WHAT THIS TASK INVOLVES:
The line containing "Oiva kannu, Marimekko." and every line after it, through the end of the records below, are to be reproduced exactly, with the pictures left out.

======== DATA RECORDS ========

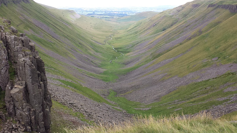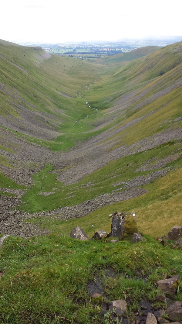 Pennine Way No.11 Total: 163.5 miles Description: Drove to Cow Green reservoir and parked in Cow Green car park. Walked to the gated road along the east side of the reservoir. Rounded the dam down to the bridge over the River Tees above Cauldron Snout waterfall. Continued along the good track to Birkdale and beyond, where the track turned north. The Pennine Way track continued along Maize Beck. Stopped for lunch out of the wind in a rocky dip, but soon continued to a footbridge where we discussed which side of the river we would walk. After much debate we chose the south side of the bridge, so we used the footbridge. We soon realised we had made the correct decision, because we were walking a well defined path, whereas the path on the north side could not be seen. As we approached High Cup Plain we passed many horsed with their foals. As we neared High Cup Nick Eddie was walking in front of me and continued along the path which slowly took him to the south side of High Cup Scar. I shouted him but he couldn't hear. The distance between us was slowly increasing, so as the situation became hopeless I texted him. To my surprise the text was sent. I waited and eventually Eddie realised his mistake and retraced his steps back to me on the lip of High Cup Nick. We both took lots of photos then took the stony track to the north of the Nick called 'Narrow Gate'. At first the path did not lose height, but after almost two kilometers the path slowly descended so that Dufton Pike could be easily seen on the right. Past Dodd Hill to Bow Hall and the first tarmac road since Cow Green reservoir. Turned right at Town Head into the village, where my car had been parked the previous night in the village car park. I had completed the whole of the Pennine Way, first started almost 35 years to the day. We took the ceremonial photos then drove back to Cow Green reservoir where Eddie's car was parked. As we drove out of Dufton we saw a walker who we knew wanted a lift to Appleby, so we stopped and took him to Appleby station. He was going back to London by train the next day, so was pleased. Thanks for Eddie for assisting me on this section and the previous section Dufton (9 July 1983) to Kirk Yetholm (24 July 1983). “All's well that ends well.” Thanks Eddie. Location: Start of Walk Click Here to Go to Previous 'Pennine Way - No. 10' Click Here to Go to Next 'Pennine Way - No. 12' Click Here to Return to 'Lifetime of Walks' Homepage | |||||
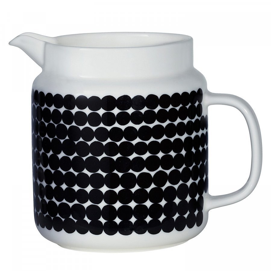 Oiva kannu, Marimekko. Klassinen kannu kauniilla mustalla ympyräkuvioinnilla. Kannu on valmistettu porsliinista ja sopii täydellisesti kahvin, maidon tai mehun tarjoiluun. Kesäjuhlille voit kätevästi tarjota siitä sangriaa tai muita kuplivia tai vilvoittavia juomia.
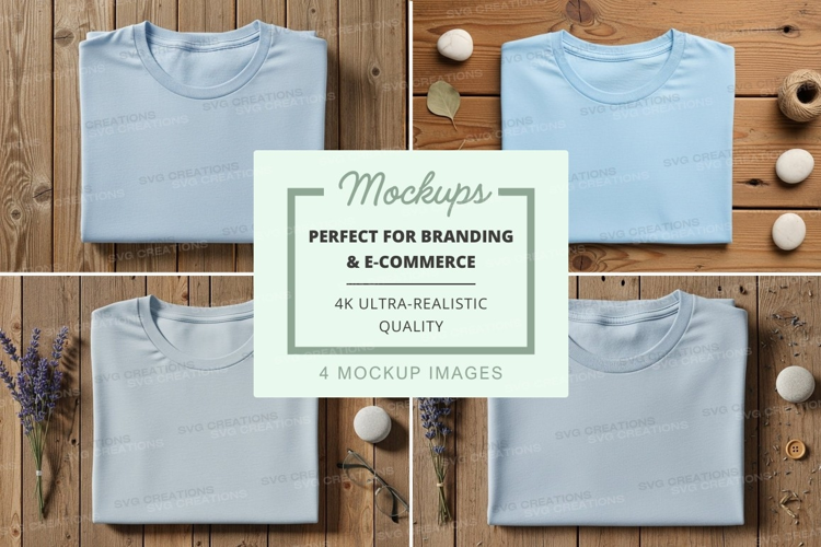 Similar Design Products to Folded light blue t-shirts on wooden background
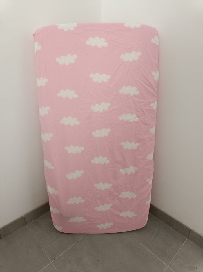 Utilisé et propre. Gamme : Himmelsk. Article sans trou ni tâche. Dessin : nuages blancs. Taille lit bébé : 60 x 120. Taille du retour : environ 18 cm. #melody45340puericulture
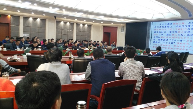 黨的十九大是全面建成小康社會決勝階段、中國特色社會主義發展關鍵時期召開的一次十分重要的大會,在我黨發展史和社會主義發展階段具有里程碑意義。為了使廣大黨員深入領會習總書記新時代中國特色社會主義思想,進一步推進公司學習貫徹黨的十九大精神工作,11月8日下午,我公司舉行“學習貫徹十九大精神專題報告會”,邀請中共鄭州市委黨校張文化教授作輔導報告。公司董事長、黨委書記翟淵軍主持會議,公司中層以上管理人員、黨員共計130余人參加會議。
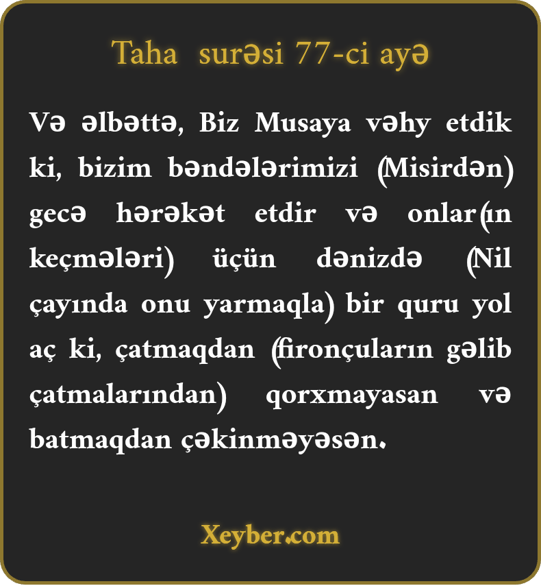 Və əlbəttə, Biz Musaya vəhy etdik ki, bizim bəndələrimizi (Misirdən) gecə hərəkət etdir və onlar(ın keçmələri) üçün dənizdə (Nil çayında onu yarmaqla) bir quru yol aç ki, çatmaqdan (fironçuların gəlib çatmalarından) qorxmayasan və batmaqdan çəkinməyəsən.

========

OUTPUT BELOW:
 Oiva kannu, Marimekko. Klassinen kannu kauniilla mustalla ympyräkuvioinnilla. Kannu on valmistettu porsliinista ja sopii täydellisesti kahvin, maidon tai mehun tarjoiluun. Kesäjuhlille voit kätevästi tarjota siitä sangriaa tai muita kuplivia tai vilvoittavia juomia.
 Similar Design Products to Folded light blue t-shirts on wooden background
 Utilisé et propre. Gamme : Himmelsk. Article sans trou ni tâche. Dessin : nuages blancs. Taille lit bébé : 60 x 120. Taille du retour : environ 18 cm. #melody45340puericulture
 黨的十九大是全面建成小康社會決勝階段、中國特色社會主義發展關鍵時期召開的一次十分重要的大會,在我黨發展史和社會主義發展階段具有里程碑意義。為了使廣大黨員深入領會習總書記新時代中國特色社會主義思想,進一步推進公司學習貫徹黨的十九大精神工作,11月8日下午,我公司舉行“學習貫徹十九大精神專題報告會”,邀請中共鄭州市委黨校張文化教授作輔導報告。公司董事長、黨委書記翟淵軍主持會議,公司中層以上管理人員、黨員共計130余人參加會議。
 Və əlbəttə, Biz Musaya vəhy etdik ki, bizim bəndələrimizi (Misirdən) gecə hərəkət etdir və onlar(ın keçmələri) üçün dənizdə (Nil çayında onu yarmaqla) bir quru yol aç ki, çatmaqdan (fironçuların gəlib çatmalarından) qorxmayasan və batmaqdan çəkinməyəsən.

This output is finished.